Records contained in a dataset
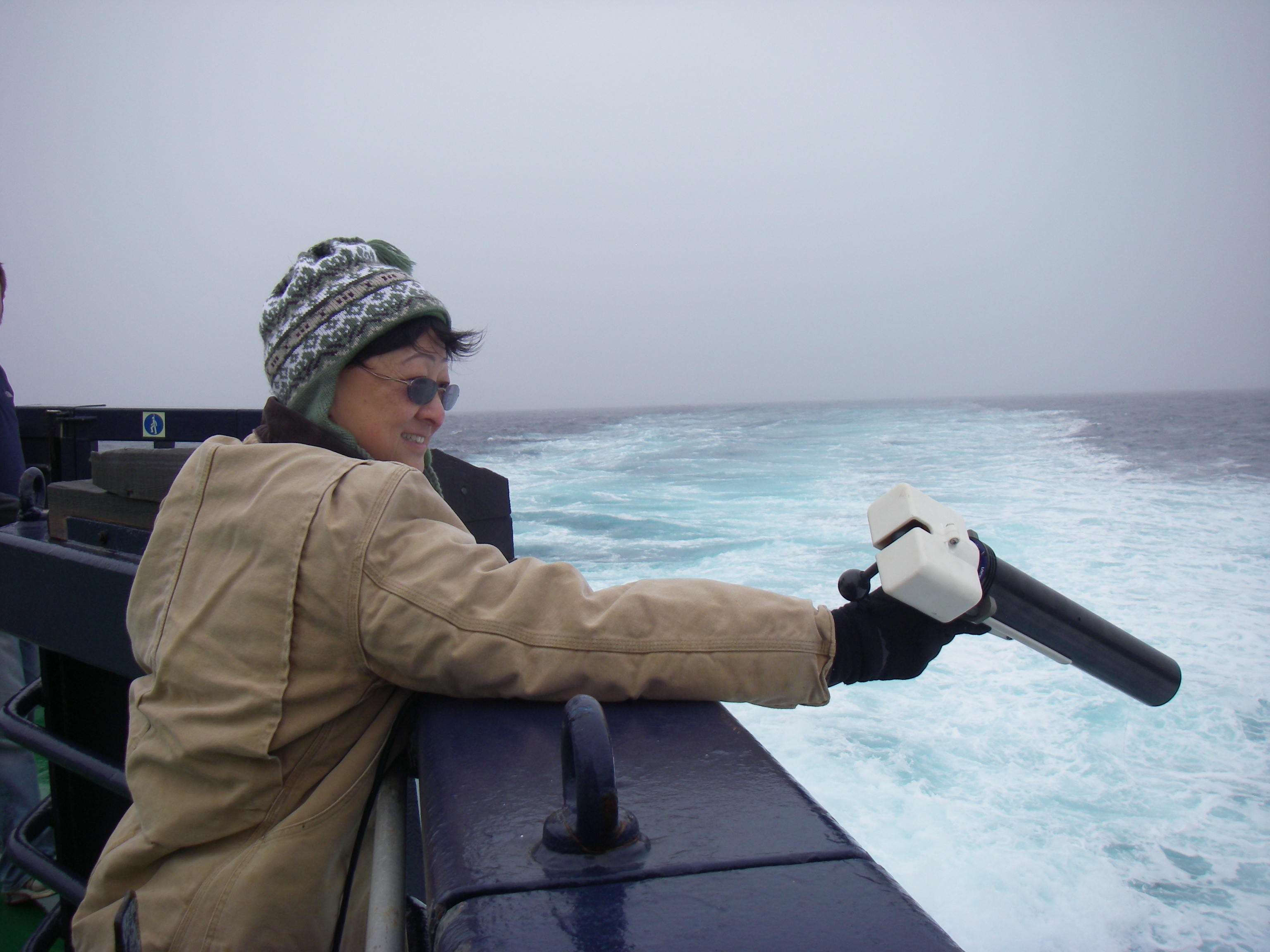 Dr. Xiaojun Yuan fires a XBT temperature and depth probe over the rail of the Oden in the Drake Passage. The expendable sensor measures water temperature and depth as it plunges toward the bottom. A coil of copper wire unrolls behind the sensor and transmits data back to the ship as the probe sinks. Each XBT sensor can only be used once but it is much less expensive than using the large CTD sensor that requires the ship to come to a stop for over an hour as a crew of people use a crane to lower the sensor package over the side and return it to the ship. Aboard the icebreaker Oden.
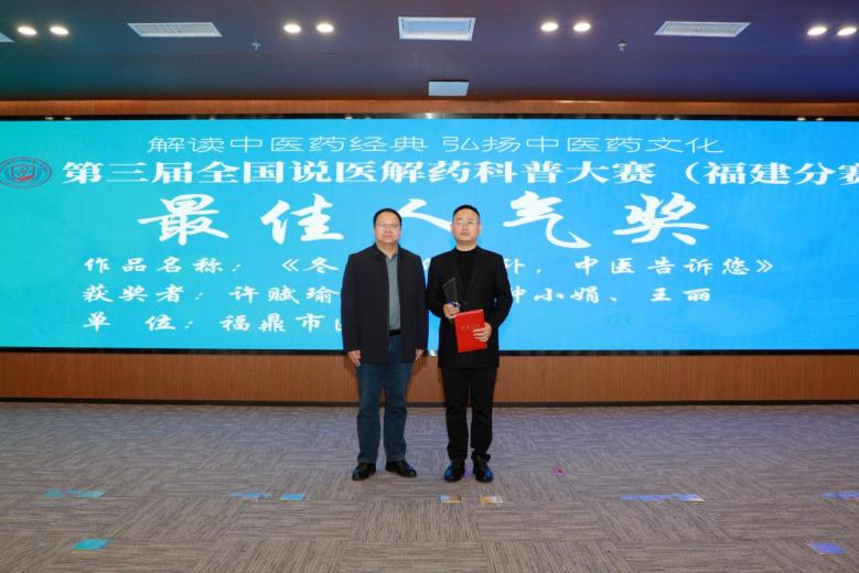 福建省中医药学会科普分会副主任委员姚木铭教授为最佳人气奖获得者颁奖
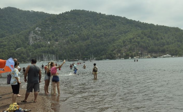 Muğla’nın Marmaris ilçesinde bulunan Kızkumu Plajı havanın kapalı olmasına rağmen doldu taştı. Sosyal mesafe kurallarına uyulmadığı ve maske kullanımının da azınlıkta olduğu plajda yerli ve yabancı turistler hem yüzdü hem de bol bol hatıra fotoğrafı çektirdi. Bu görüntü akıllara tatil sevdasının korona virüsü unutturduğunu getirdi.
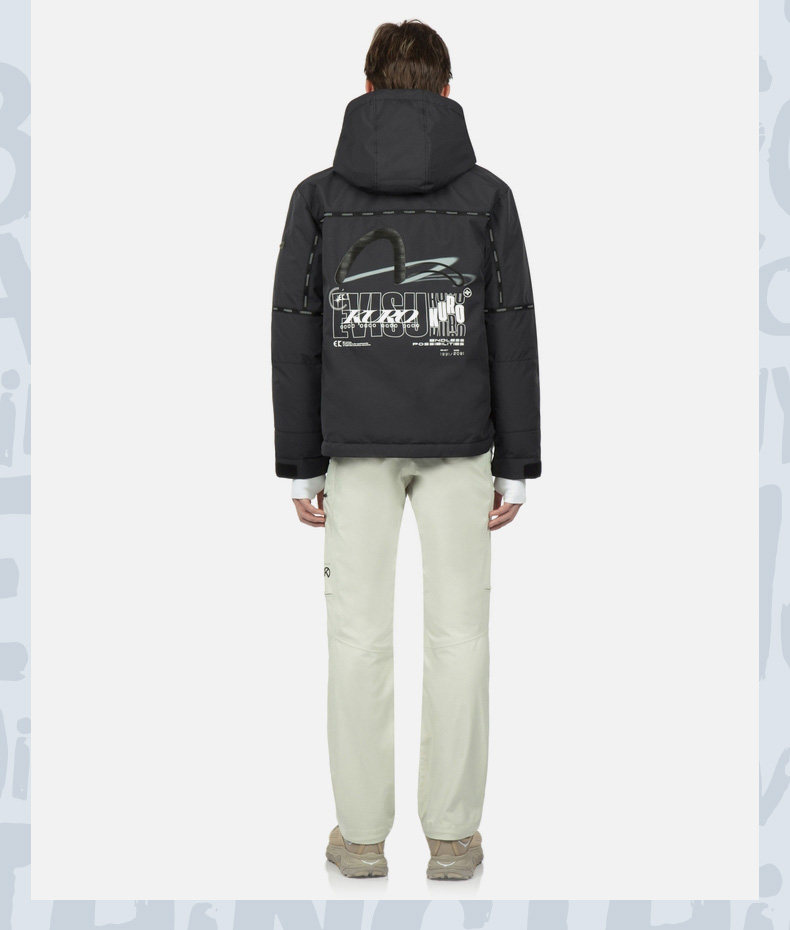 Evisu Мужской Ribples Seagull Print Теплый уток с капюшоном с капюшоном 2EAGNM3NJ5967XXPL
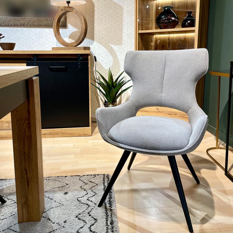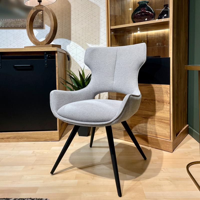 Chaise pivotante 180° tissu gris clair et pieds métal noir – SEVILLE
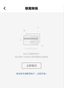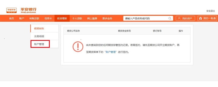 进入银期业务界面后,若尚未在期货公司有关联信息,会有相应提示,您可选择右侧“账户管理“进入签约界面。
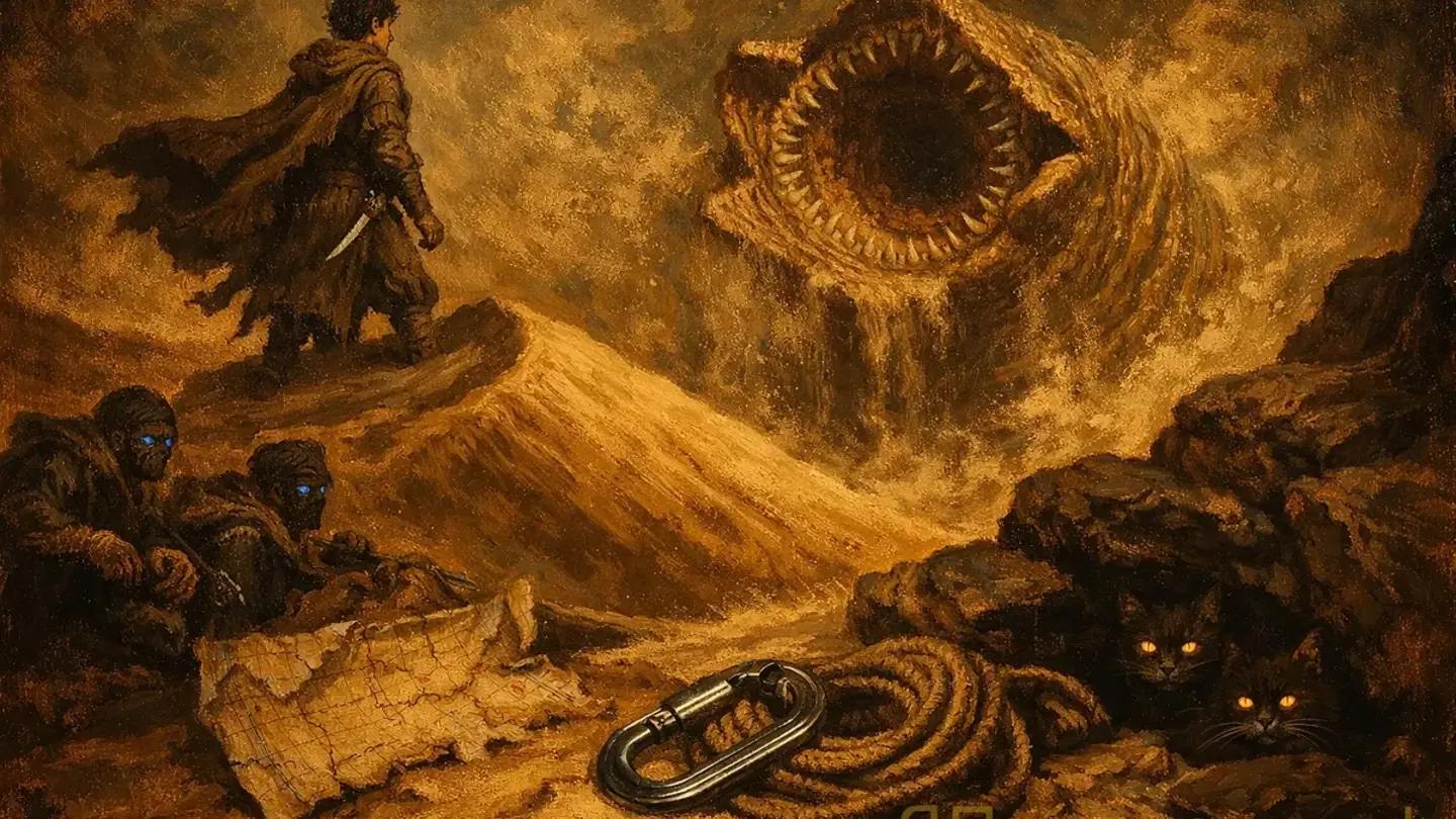 Начну с честного признания. Я бросал эту книгу дважды. Первый раз — на пятидесятой странице, когда Герберт объяснял политику Великих Домов методом, который я называю «учебник политологии в декорациях пустыни». Второй раз — где-то в середине, когда обнаружил, что глоссарий в конце — не приложение для любопытных, а обязательная программа. Без него — как попасть на совещание в чужую компанию в первый день, когда все говорят на своем языке и смотрят на тебя с легким презрением.
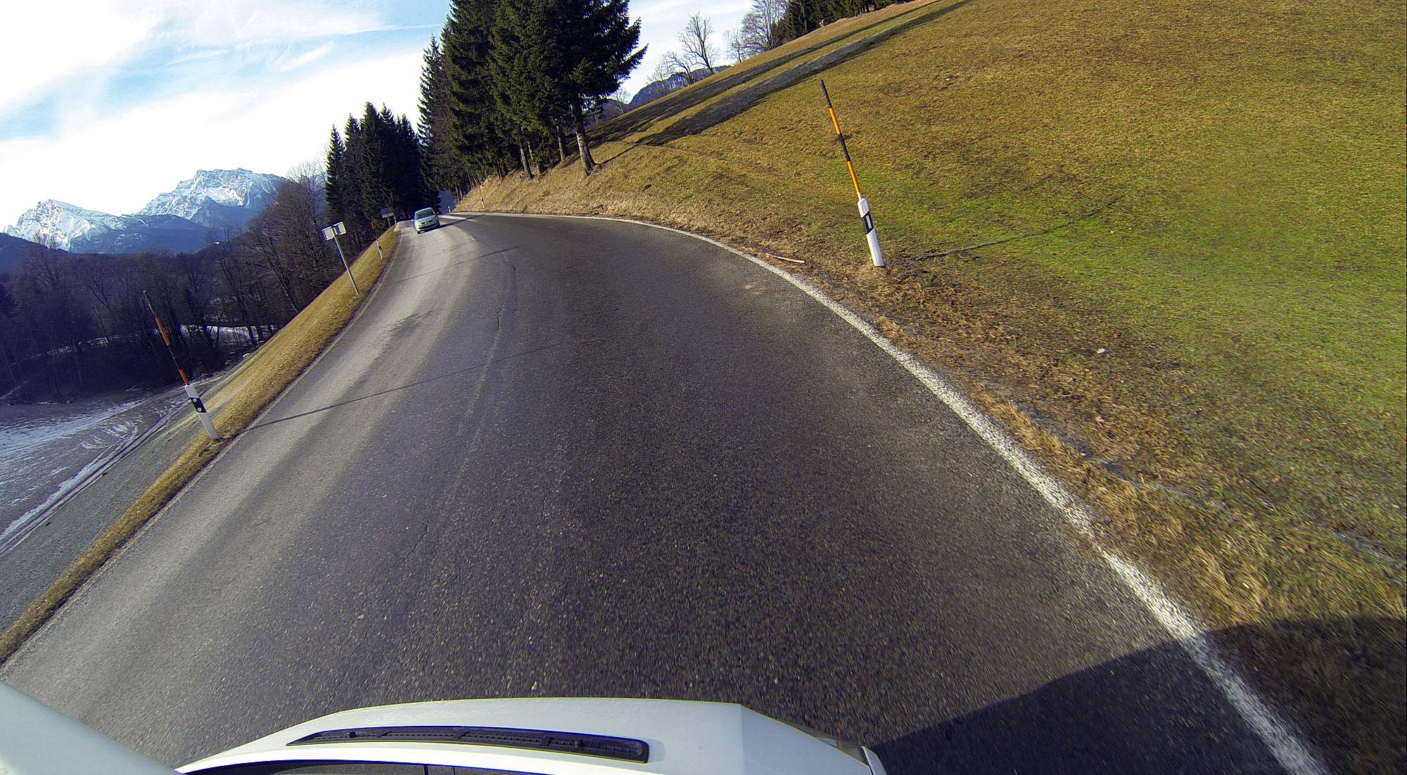 Unser nächstes Ziel war die Tatzlwurmstraße und zu Beginn dieser Straße machte uns ein Schild darauf aufmerksam, dass es sich um eine mautpflichtige Straße handele. Na gut, nur fanden wir keine Möglichkeit, die erforderlichen zwei Euro zu bezahlen. Also fuhren wir erstmal und schauten, was da so kommen möge. Ziemlich steil ging es auf der Straße hinab, die zudem auch zahlreiche Kurven aufwies. Aber der Höhepunkt war ganz eindeutig ein kleiner Tunnel, der eine ziemliche Engstelle war. Nur einspurig kann man da durch und es wirkte ein wenig unheimlich, dort hindurchfahren zu müssen. War es natürlich nicht, aber es kam recht überraschend.

§ WHAT THE TASK REQUIRES:
All of the entries need to be retyped word for word, pictures excluded.

§ SOLUTION FOR THIS EXERCISE:
 Dr. Xiaojun Yuan fires a XBT temperature and depth probe over the rail of the Oden in the Drake Passage. The expendable sensor measures water temperature and depth as it plunges toward the bottom. A coil of copper wire unrolls behind the sensor and transmits data back to the ship as the probe sinks. Each XBT sensor can only be used once but it is much less expensive than using the large CTD sensor that requires the ship to come to a stop for over an hour as a crew of people use a crane to lower the sensor package over the side and return it to the ship. Aboard the icebreaker Oden.
 福建省中医药学会科普分会副主任委员姚木铭教授为最佳人气奖获得者颁奖
 Muğla’nın Marmaris ilçesinde bulunan Kızkumu Plajı havanın kapalı olmasına rağmen doldu taştı. Sosyal mesafe kurallarına uyulmadığı ve maske kullanımının da azınlıkta olduğu plajda yerli ve yabancı turistler hem yüzdü hem de bol bol hatıra fotoğrafı çektirdi. Bu görüntü akıllara tatil sevdasının korona virüsü unutturduğunu getirdi.
 Evisu Мужской Ribples Seagull Print Теплый уток с капюшоном с капюшоном 2EAGNM3NJ5967XXPL
 Chaise pivotante 180° tissu gris clair et pieds métal noir – SEVILLE
 进入银期业务界面后,若尚未在期货公司有关联信息,会有相应提示,您可选择右侧“账户管理“进入签约界面。
 Начну с честного признания. Я бросал эту книгу дважды. Первый раз — на пятидесятой странице, когда Герберт объяснял политику Великих Домов методом, который я называю «учебник политологии в декорациях пустыни». Второй раз — где-то в середине, когда обнаружил, что глоссарий в конце — не приложение для любопытных, а обязательная программа. Без него — как попасть на совещание в чужую компанию в первый день, когда все говорят на своем языке и смотрят на тебя с легким презрением.
 Unser nächstes Ziel war die Tatzlwurmstraße und zu Beginn dieser Straße machte uns ein Schild darauf aufmerksam, dass es sich um eine mautpflichtige Straße handele. Na gut, nur fanden wir keine Möglichkeit, die erforderlichen zwei Euro zu bezahlen. Also fuhren wir erstmal und schauten, was da so kommen möge. Ziemlich steil ging es auf der Straße hinab, die zudem auch zahlreiche Kurven aufwies. Aber der Höhepunkt war ganz eindeutig ein kleiner Tunnel, der eine ziemliche Engstelle war. Nur einspurig kann man da durch und es wirkte ein wenig unheimlich, dort hindurchfahren zu müssen. War es natürlich nicht, aber es kam recht überraschend.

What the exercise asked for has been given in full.